0

I have a pretty huge data set of products and users and their time of usage.

There are around 100 million rows and takes around 10 GB of disk space.

the dataset is on the following order:

userid     itemid      purchase_date    
1             1          2018-12-22
11            1          2018-12-22
11            4          2018-12-22
12            4          2018-12-22
11            5          2018-12-22

.......100M+ rows.....

I also added such index,

ALTER TABLE purchase_data ADD INDEX (userid);
ALTER TABLE purchase_data ADD INDEX (itemid);
ALTER TABLE purchase_data ADD INDEX (purchase_date);

Let say I want to find all the users who purchased a product(item 1) and then find all the other item he purchased.

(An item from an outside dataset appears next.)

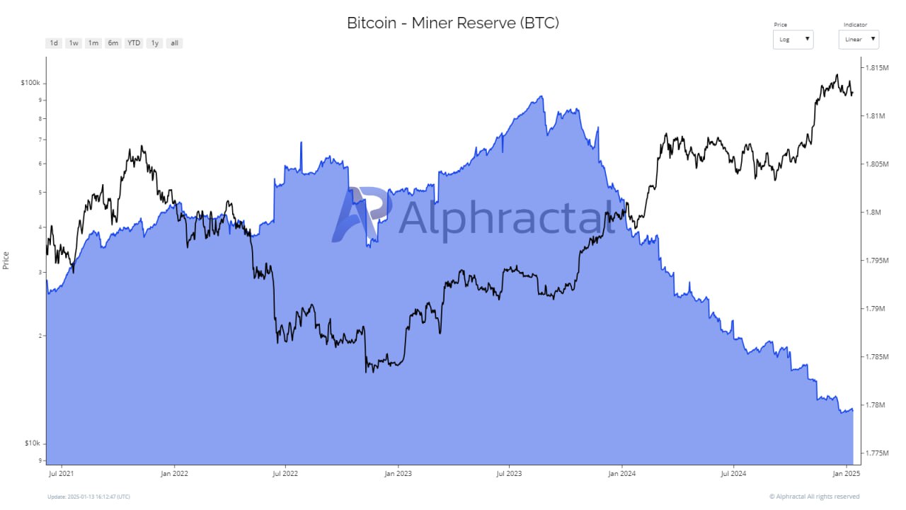 Chart shared by Alphractal showing the melting of miners’ reserves.

Select itemid from purchase_data
    where userid in (Select userid, from purchase_data
                    where itemid=1)
      and itemid!=1

this query takes forever to run.

Secondly, I also want to add up all the common items between those users like userid 11 4 and userid 12 also brought 4 so I want to add 4 with count 2

I wrote a similar query for that:

Select itemid,count(*) from purchase_data
    where userid in (Select userid, from purchase_data
                      where itemid=1)
      and itemid!=1
    group by itemid
    having count(itemid)>=1

This script also takes infinite time.

Please help,

Thank You

Rick James
  • 135,179
  • 13
  • 127
  • 222
Arnabhik
  • 21
  • 3
  • Can you post also the EXPLAIN results for those queries? BTW, the first one has a typo, you have a "," after "user_id" in the subquery). – Andrei Kovacs Jan 20 '19 at 14:58
  • Did you confirm the database really used the index? `EXPLAIN `.. Making a index does mean the database should use it.. Besides calculate the index selectivity to see if the index makes sense `Select COUNT(DISTINCT itemid)/COUNT(*) AS index_selectivity from purchase_data`, ideally it should be a value close to 1 – Raymond Nijland Jan 20 '19 at 15:04
  • There are syntax errors. Did you leave out something critical? – Rick James Jan 20 '19 at 22:50

1 Answers1

0

Instead of IN clause you should use a inner join eg:

Select itemid 
from purchase_data  a 
INNER JOIN  (
    Select userid
     from purchase_data where itemid=1
    ) T on t.userid = a,userid 
  where a.itemid != 1 

a IN clause work as several OR condition while the inner join work as a single relation ..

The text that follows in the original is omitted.